For this exercise, copy exactly the lines below from the one with "Near the entrance, there's" through the one with "A vödörfogas rudat" and leave out the pictures.

[Data provided]:

^^^^^^^^

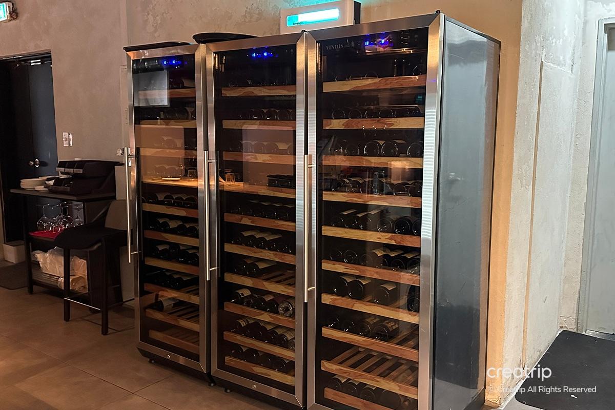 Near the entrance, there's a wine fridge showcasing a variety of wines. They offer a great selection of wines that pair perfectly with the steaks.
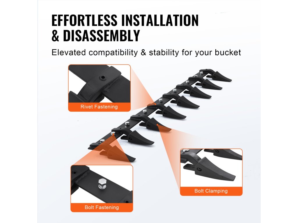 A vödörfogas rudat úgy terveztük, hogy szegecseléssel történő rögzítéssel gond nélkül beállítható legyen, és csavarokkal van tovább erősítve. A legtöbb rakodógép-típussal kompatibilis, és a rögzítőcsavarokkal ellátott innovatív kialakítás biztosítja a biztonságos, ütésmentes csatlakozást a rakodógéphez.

^^^^^^^^

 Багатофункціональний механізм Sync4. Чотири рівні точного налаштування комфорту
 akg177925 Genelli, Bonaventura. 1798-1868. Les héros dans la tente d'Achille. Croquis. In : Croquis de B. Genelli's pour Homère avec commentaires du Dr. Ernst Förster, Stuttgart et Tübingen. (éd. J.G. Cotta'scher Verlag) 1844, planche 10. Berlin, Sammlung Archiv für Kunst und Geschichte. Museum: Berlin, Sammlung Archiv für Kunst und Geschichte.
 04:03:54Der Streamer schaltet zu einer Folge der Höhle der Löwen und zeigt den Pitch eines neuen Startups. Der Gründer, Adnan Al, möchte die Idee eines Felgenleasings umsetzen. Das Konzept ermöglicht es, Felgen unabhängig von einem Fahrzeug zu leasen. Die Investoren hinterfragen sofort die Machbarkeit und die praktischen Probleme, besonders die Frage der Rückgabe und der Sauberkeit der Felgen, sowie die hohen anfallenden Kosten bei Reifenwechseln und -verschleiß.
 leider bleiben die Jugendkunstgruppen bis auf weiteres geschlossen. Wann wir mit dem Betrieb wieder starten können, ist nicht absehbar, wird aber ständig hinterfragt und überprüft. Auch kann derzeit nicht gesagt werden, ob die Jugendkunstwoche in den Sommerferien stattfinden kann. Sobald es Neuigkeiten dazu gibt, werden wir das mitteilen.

^^^^^^^^

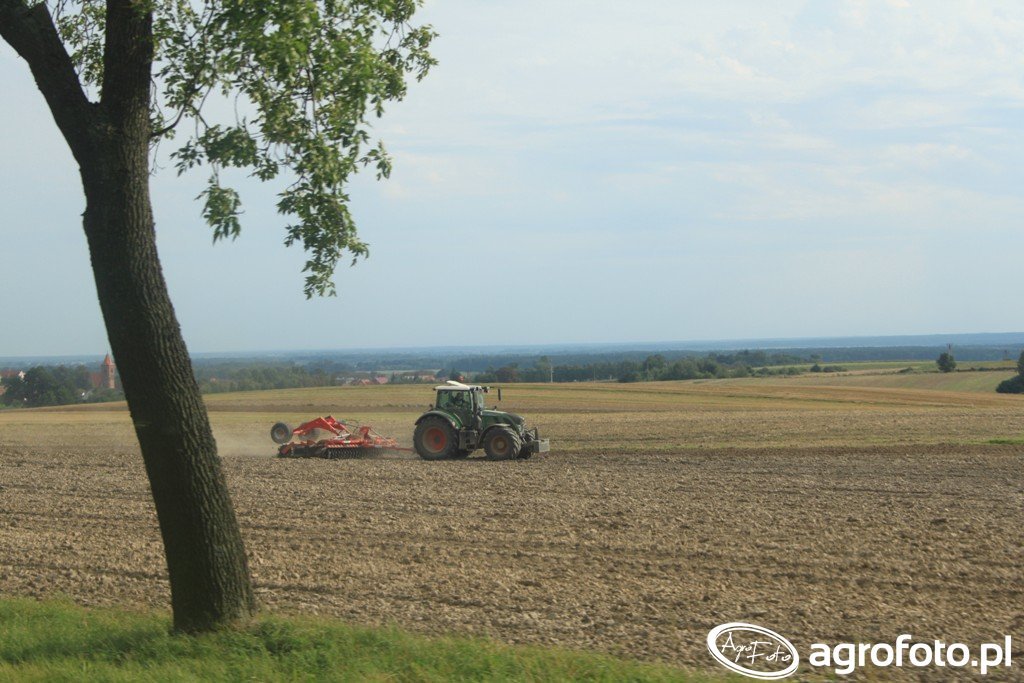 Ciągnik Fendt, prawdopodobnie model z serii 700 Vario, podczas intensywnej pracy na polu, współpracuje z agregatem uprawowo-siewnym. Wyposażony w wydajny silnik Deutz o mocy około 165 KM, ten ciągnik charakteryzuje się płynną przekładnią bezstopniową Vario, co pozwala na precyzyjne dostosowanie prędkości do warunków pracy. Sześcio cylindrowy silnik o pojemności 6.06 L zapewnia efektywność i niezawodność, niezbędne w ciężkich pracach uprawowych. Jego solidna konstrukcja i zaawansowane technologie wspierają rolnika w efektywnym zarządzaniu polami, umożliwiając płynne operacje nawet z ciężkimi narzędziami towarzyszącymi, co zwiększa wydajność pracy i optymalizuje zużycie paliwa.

^^^^^^^^

[Answer to this problem]:
 Near the entrance, there's a wine fridge showcasing a variety of wines. They offer a great selection of wines that pair perfectly with the steaks.
 A vödörfogas rudat úgy terveztük, hogy szegecseléssel történő rögzítéssel gond nélkül beállítható legyen, és csavarokkal van tovább erősítve. A legtöbb rakodógép-típussal kompatibilis, és a rögzítőcsavarokkal ellátott innovatív kialakítás biztosítja a biztonságos, ütésmentes csatlakozást a rakodógéphez.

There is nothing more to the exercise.